DATE: Sunday, March 9, 1997                  TAG: 9703100108
SECTION: NATIONAL/INTERNATIONAL   PAGE: A-1  EDITION: METRO 
DATELINE: WASHINGTON
SOURCE: THE NEW YORK TIMES


PRESIDENT TELLS U.S. AGENCIES TO DO THEIR PART HIRING WELFARE RECIPIENTS ORDERED

The government should set an example for businesses in helping people get off the dole, Clinton said.

President Clinton ordered Saturday that federal agencies set an example for employers across the country by hiring welfare recipients.

Clinton did not set numerical goals, but he directed every federal agency to do all it could to recruit and hire people receiving welfare. He gave agency heads 30 days to present detailed plans to him. Vice President Al Gore will supervise the effort.

``Government can help to move people from welfare to work, by acting the way we want all employers to act - demanding high performance from workers but also going the extra mile to offer opportunity to those who have been on welfare but want to do something more with their lives,'' Clinton said in his weekly radio broadcast.

Like many initiatives announced in Saturday radio addresses, this one combined political symbolism with substantive policy. Most federal agencies are shrinking, and there are relatively few openings for inexperienced workers with low skill levels.

But Clinton said Saturday that the federal government, the nation's largest employer, ``must do its part and set an example'' for private employers, whom he has repeatedly prodded to hire welfare recipients.

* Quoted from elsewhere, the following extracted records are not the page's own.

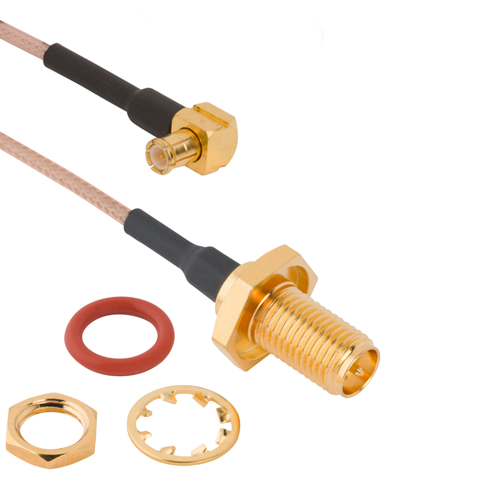 MCX Right Angle Plug to SMA Straight Bulkhead Jack IP67 RG-178 36 Inches
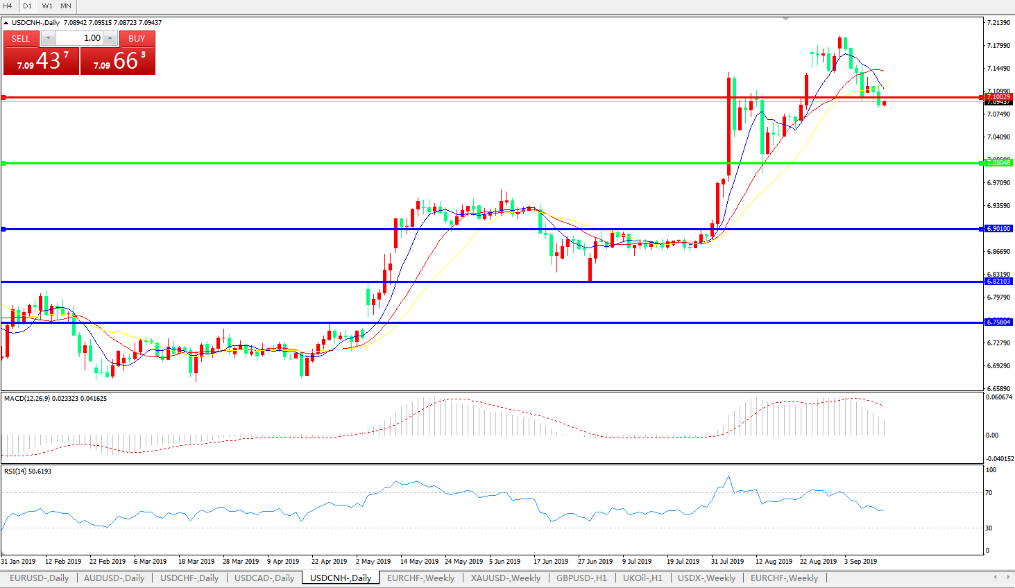 备选策略: 在7.0000之下,看跌,目标价位为6.9010,然后为6.8210。
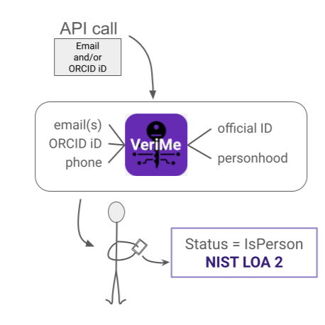 A Validation request for this VeriMe account with Evidence Markers for email, ORCID iD, phone number and proof of identity and personhood returns an “IsPerson” value.
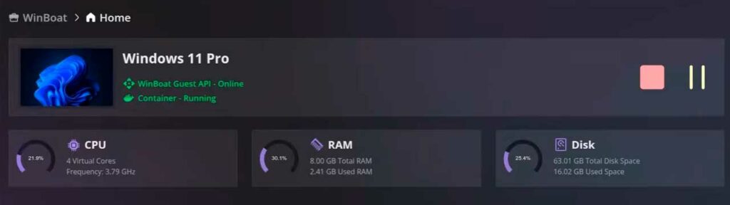 Además, el proyecto soporta smartcard passthrough, algo clave para entornos profesionales donde se usen tarjetas criptográficas, lectores de DNIe o sistemas de firma electrónica ligados a software de Windows. Todo ello se gestiona desde la interfaz de WinBoat, y se complementa con un pequeño módulo de monitorización de recursos para que veas cuánta RAM y CPU está consumiendo la instancia de Windows.
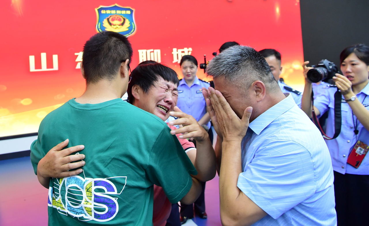 "My darling, my darling, my darling," Mr Guo's wife, Zhang Wenge, sobbed as she embraced the young man. "We found you, my son, my son."
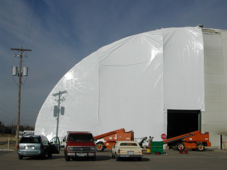 Large pieces of heavy equipment and machinery were wrapped for ground shipment in Windsor, CT. A large hoop structure was also wrapped to protect interior after wind damage to the outside.
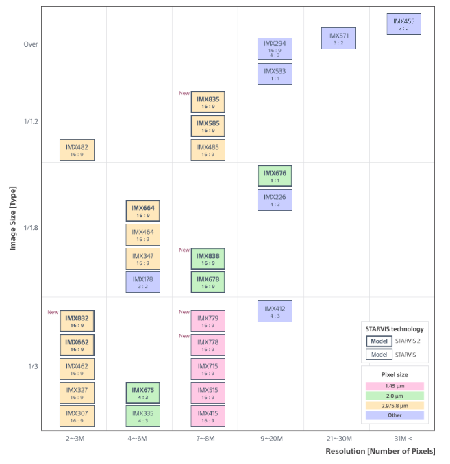 STARVIS™ / STARVIS 2 Product Lineup(Monochrome)
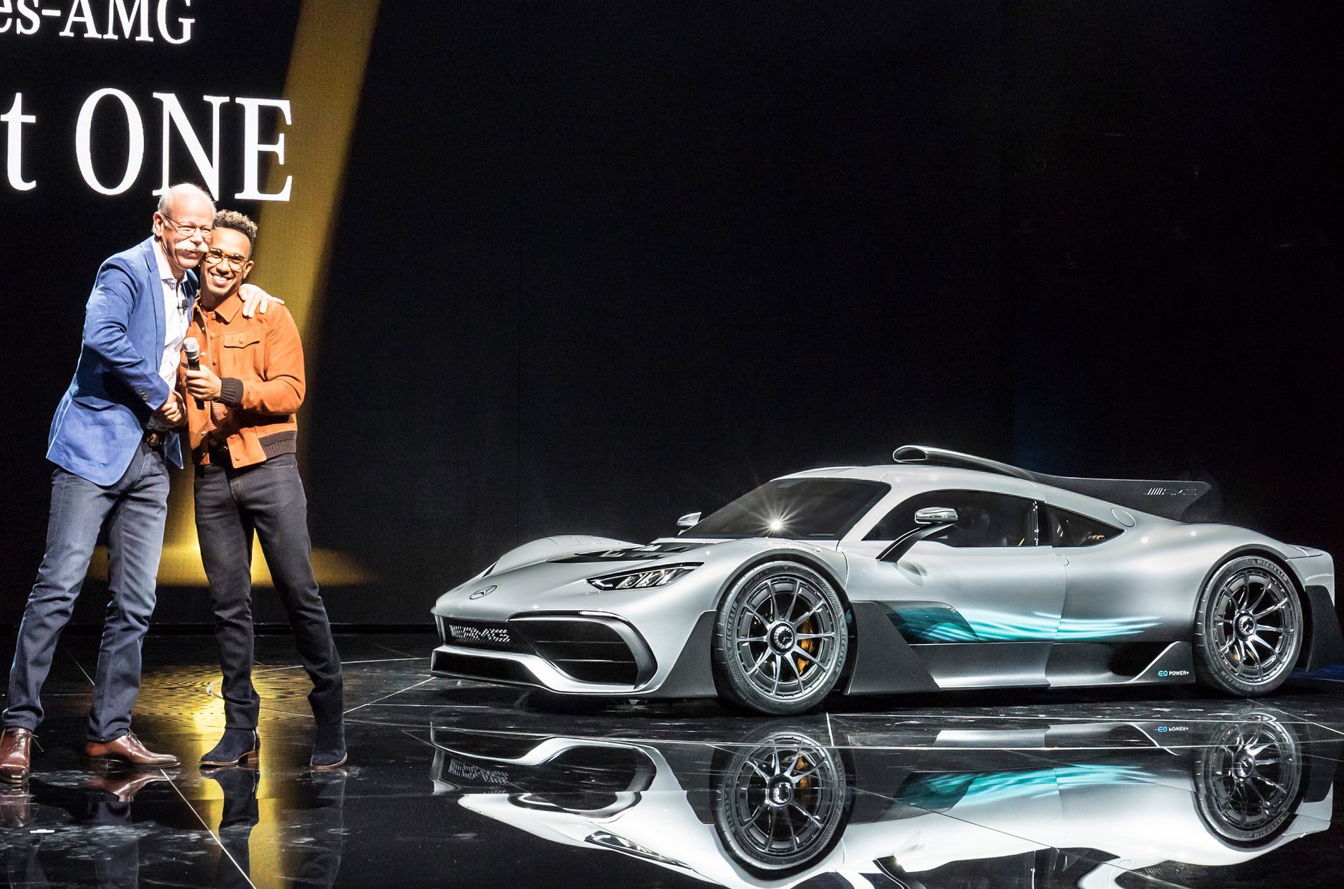 Η παρουσίαση του Mercedes-AMG One ως πρωτότυπο το 2017, στην Έκθεση αυτοκινήτου της Φρανκφούρτης, δημιούργησε έντονες εντυπώσεις και προσμονή. Μάλιστα, το γεγονός ότι αποκαλύφθηκε επίσημα παρουσία του Lewis Hamilton έχει τη σημασία του (στη φωτογραφία κάτω δεξιά, αγκαλιά με τον κ. Dieter Zetsche, πρώην Πρόεδρο Διοικητικού Συμβουλίου της Daimler A.G. και Διευθύνων Σύμβουλο της Mercedes-Benz κατά τη συγκεκριμένη εκδήλωση). Οι άνθρωποι της γερμανικής εταιρείας έθεσαν ως στόχο να δημιουργήσουν «ένα μονοθέσιο της Formula 1 για τον δρόμο», όπως είπαν εμφατικά, δηλώνοντας τον χαρακτήρα του και την τεχνολογία του.

The president encouraged federal agencies to hire welfare recipients as ``worker trainees.'' Such hiring authority exists under current law but has not been widely used. Welfare recipients who do well as trainees could, after three years, ``join the civil service,'' Clinton said, and obtain permanent government jobs.

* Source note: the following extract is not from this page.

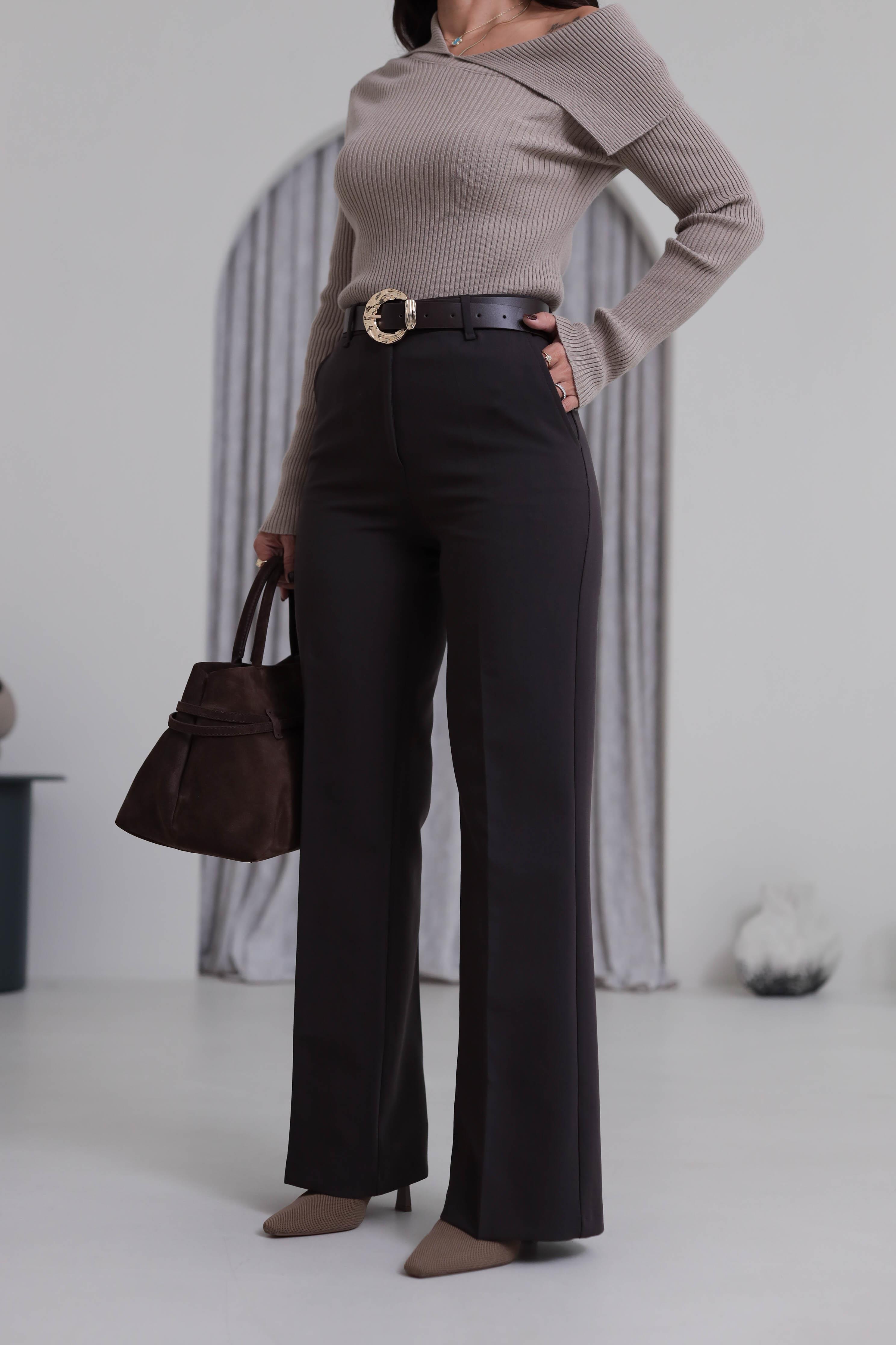 7038 Kemerli Kumaş Pantolon KOYU KAHVE (P-000007437)

The worker-trainee program began in 1973, when the government had difficulty filling clerical jobs. A summary of the president's plan issued Saturday by the White House says, ``This program offers a quick and easy way of hiring entry-level people into the federal work force and bypassing complex federal personnel hiring rules and procedures.''

Labor unions said they did not have enough information about the president's plan to analyze it. But the unions said they were concerned that federal agencies might give preference to welfare recipients, permitting them to bypass the normal competition with other applicants for low-wage jobs in civil service.

The new welfare law, which ended the 61-year-old federal guarantee of cash assistance for the nation's poorest children, requires most adults to work within two years of receiving welfare benefits. Many states have set stricter work requirements.

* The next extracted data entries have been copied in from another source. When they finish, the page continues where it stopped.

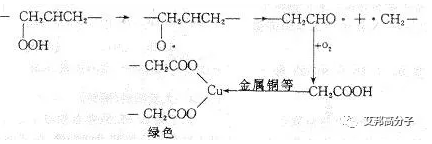 氫過氧化基團引起的鏈的斷裂導致分子量降低,其均裂的主產(chǎn)物為醇、醛、酮,最后氧化成羧酸。羧酸對金屬催化氧化起著主要作用。
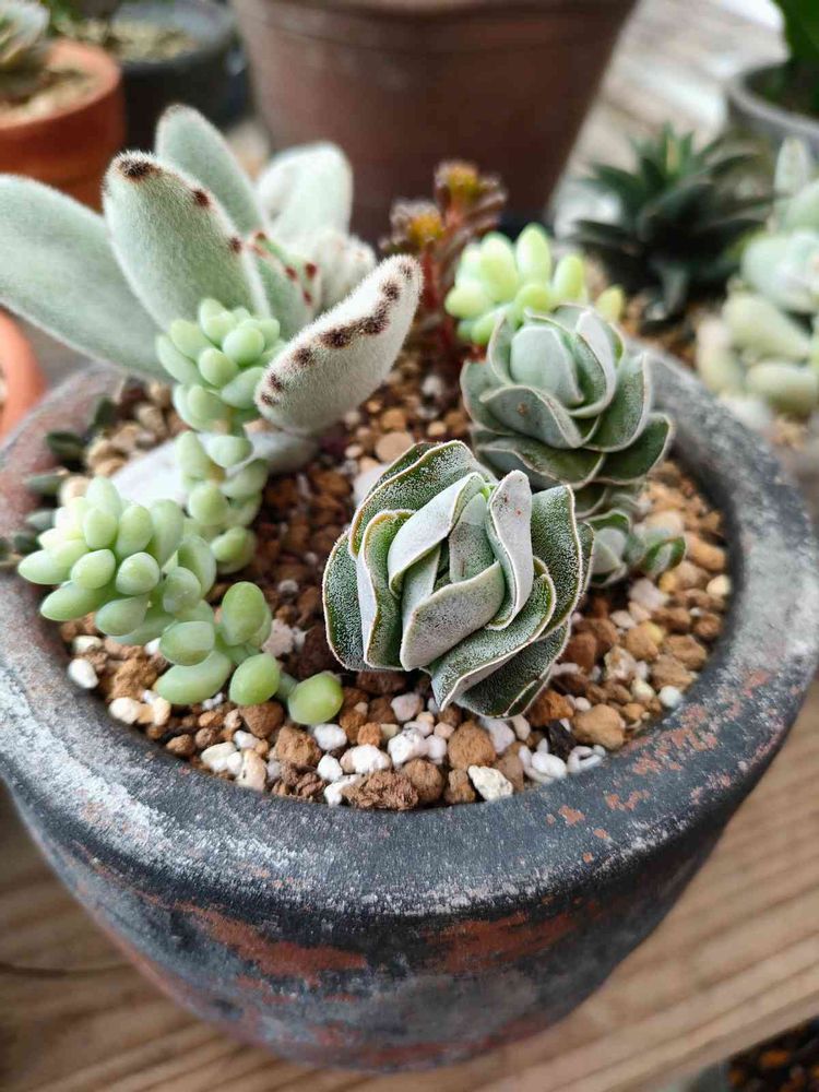 植えたばかりの多肉寄せ植え
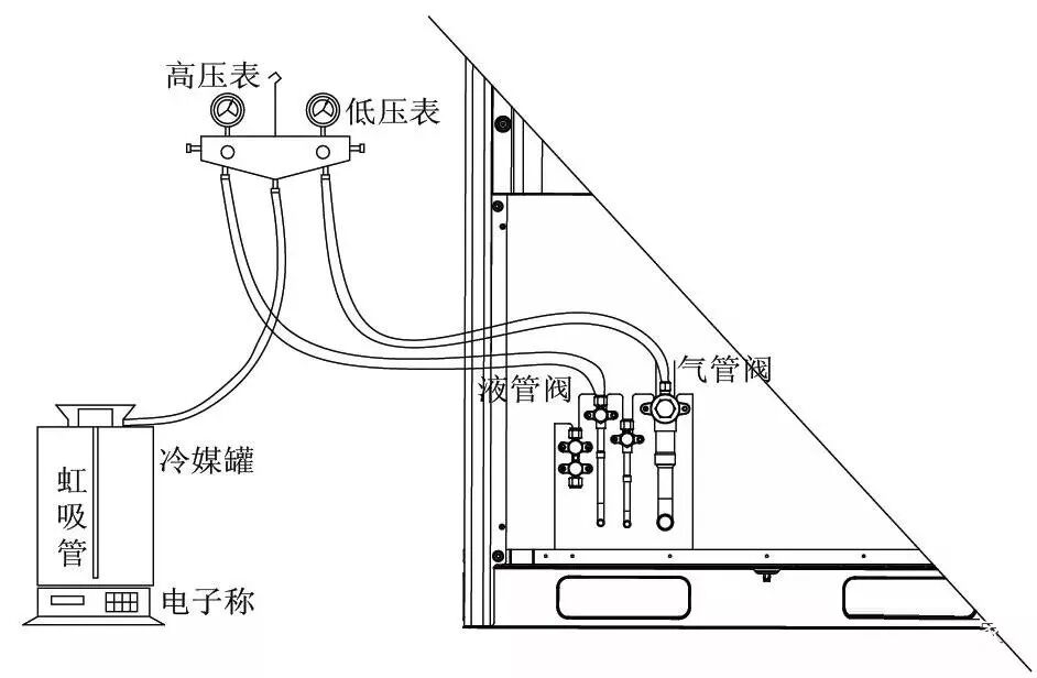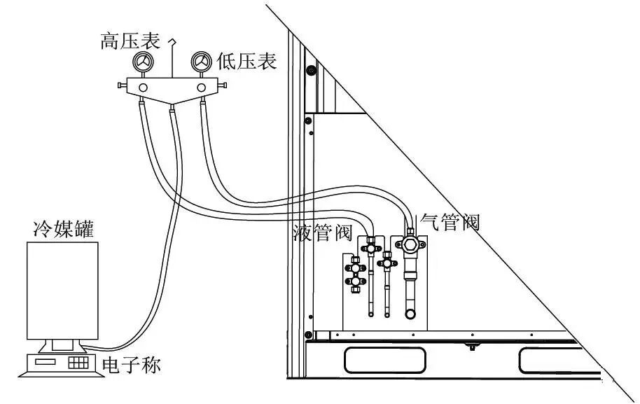 多联机制冷剂灌注充包括预灌注和开机灌注两部分。

Clinton said that federal agencies should notify low-income employees of their eligibility for the earned-income tax credit and help them find affordable child care and transportation.

The initiative faces formidable obstacles because the federal government is not hiring many people.

Clinton says he has reduced the number of civilian employees in the executive branch by 13 percent, to 1.9 million, the lowest level in 30 years, and has promised that the federal work force ``will continue shrinking'' as he tries to balance the budget by 2002.

He repeatedly has urged business executives to hire welfare recipients. Companies including Sprint, United Airlines and Burger King have; but until now, aides to Clinton had no answers when asked why the White House and other government offices weren't making similar efforts.

James King, director of the federal Office of Personnel Management, recently gave Clinton a report outlining steps that could be taken to encourage the hiring of welfare recipients by federal agencies.

King said that any federal effort to hire welfare recipients had to come ``from the top down'' - from the president and Cabinet officers.

Every federal department except the Justice Department has shrunk since Clinton took office in 1993. In the last fiscal year, the government hired 200,915 people, but 71 percent of them got temporary jobs.